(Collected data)
-- Opening Marker --

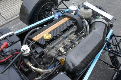 1トンあたり500psを発するということがネーミングの由来となっている通り、本車両もドライカーボンがふんだんに使われた460kgの超軽量な車重。それに、1800ccのレーシング・チューンが施されたローバーKシリーズ・エンジン(直4、DOHC16バルブ)から230psのパワーが炸裂する。
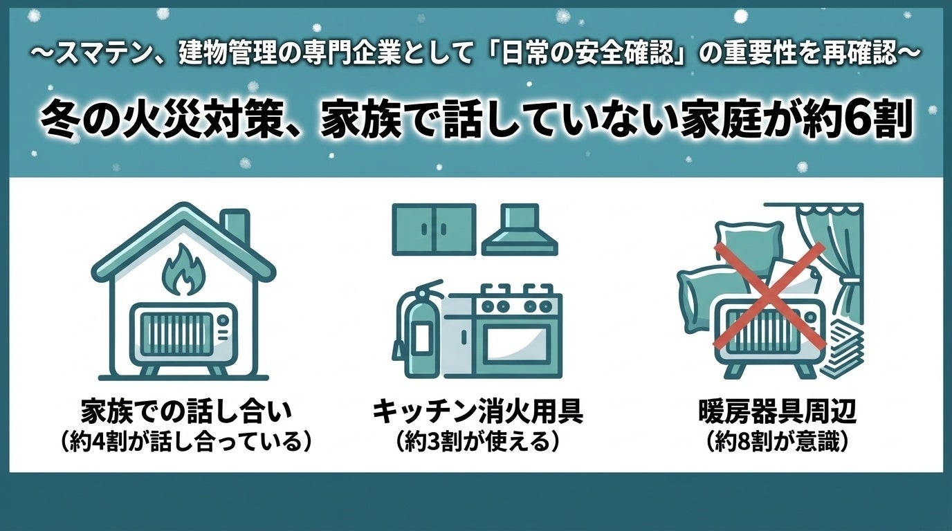 冬は暖房器具の使用増加や空気の乾燥などにより火災リスクが高まる季節です。日常的な注意は一定程度行われているものの、設備の確認や家族間での共有といった行動まで十分に及んでいない実態が浮き彫りとなりました。
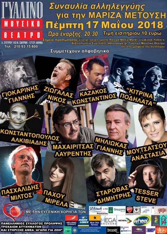 Ο Πανελλήνιος Σύλλογος Πρόληψης Τροχαίων Ατυχημάτων & Στήριξης ΑΜΕΑ, Αγάπη για Ζωή, διοργανώνει την Πέμπτη 17 Μαΐου 2018 και ώρα 20:30 στο Γυάλινο Μουσικό Θέατρο (Λεωφ. Συγγρού 143, Νέα Σμύρνη), μουσική εκδήλωση για τη στήριξη της αθλήτριας Μαρίζας Μετούση, η οποία μετά από αθλητικό ατύχημα καθηλώθηκε σε αμαξίδιο. Τα έσοδα της εκδήλωσης θα διατεθούν, ώστε να αγοραστεί το ειδικού τύπου αμαξίδιο της Μαρίζας.
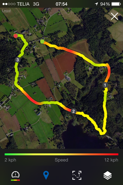 Jag har laddat hem Runtastic till mobilen igen och hade igång den under ridturen och se här blev det! Jag var lite långsam med att sätta igång den, start och mål är vid den röda pricken!
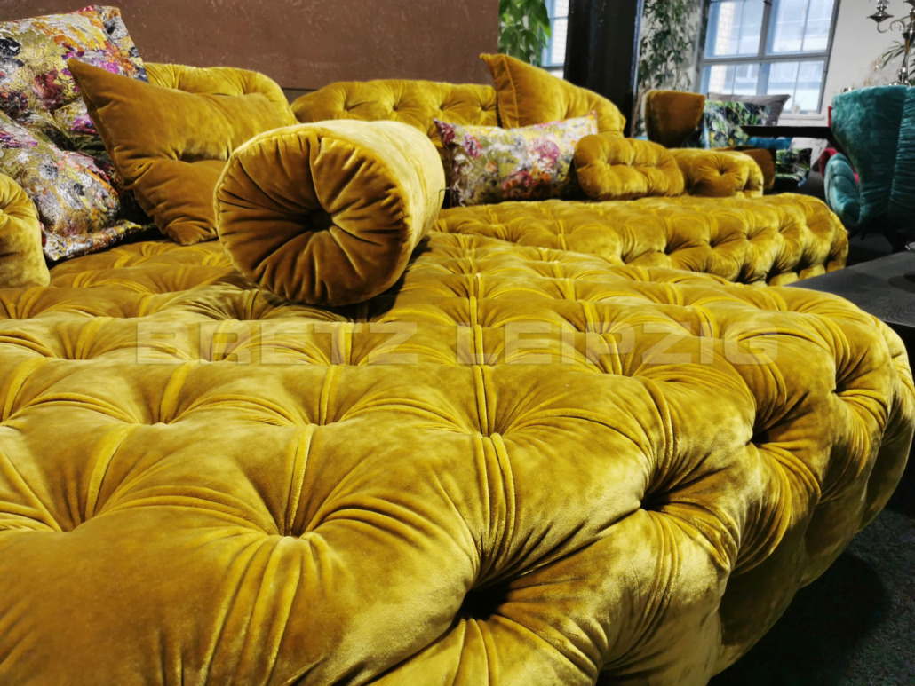 | COCOA ISLAND – Chesterfield reloaded ‒ Traditionshandwerk neu interpretiert. Insel der Träume mit sanften, wellengleichen Rundungen. Dichte, handwerklich meisterhafte Chesterfield-Heftung, bei der jeder Knopf einzeln von Hand in der Polsterung verankert wird. Kuschelweiche Polsterung, die sich himmlisch an die Körperform anschmiegt. Das wahrscheinlich komfortabelste Chesterfield-Polstermöbel der Welt!
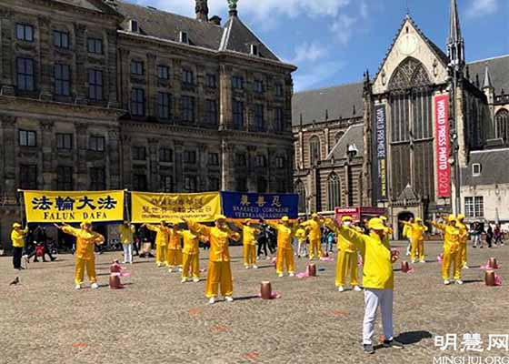 2021年5月13日是法轮大法洪传世界29周年,荷兰法轮功学员在首都阿姆斯特丹的达姆广场举行庆祝活动。
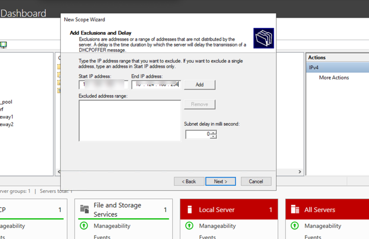 12. (Optional) Enter the range of IP addresses that you want to exclude and will not be distributed by the server.

-- Closing Marker --

(EXERCISE AIM): Find the line with "Ο Πανελλήνιος Σύλλογος" in the data above, and from there retype each line exactly through the line with "Jag har laddat", skipping the pictures along the way.

(YOUR SOLUTION):
 Ο Πανελλήνιος Σύλλογος Πρόληψης Τροχαίων Ατυχημάτων & Στήριξης ΑΜΕΑ, Αγάπη για Ζωή, διοργανώνει την Πέμπτη 17 Μαΐου 2018 και ώρα 20:30 στο Γυάλινο Μουσικό Θέατρο (Λεωφ. Συγγρού 143, Νέα Σμύρνη), μουσική εκδήλωση για τη στήριξη της αθλήτριας Μαρίζας Μετούση, η οποία μετά από αθλητικό ατύχημα καθηλώθηκε σε αμαξίδιο. Τα έσοδα της εκδήλωσης θα διατεθούν, ώστε να αγοραστεί το ειδικού τύπου αμαξίδιο της Μαρίζας.
 Jag har laddat hem Runtastic till mobilen igen och hade igång den under ridturen och se här blev det! Jag var lite långsam med att sätta igång den, start och mål är vid den röda pricken!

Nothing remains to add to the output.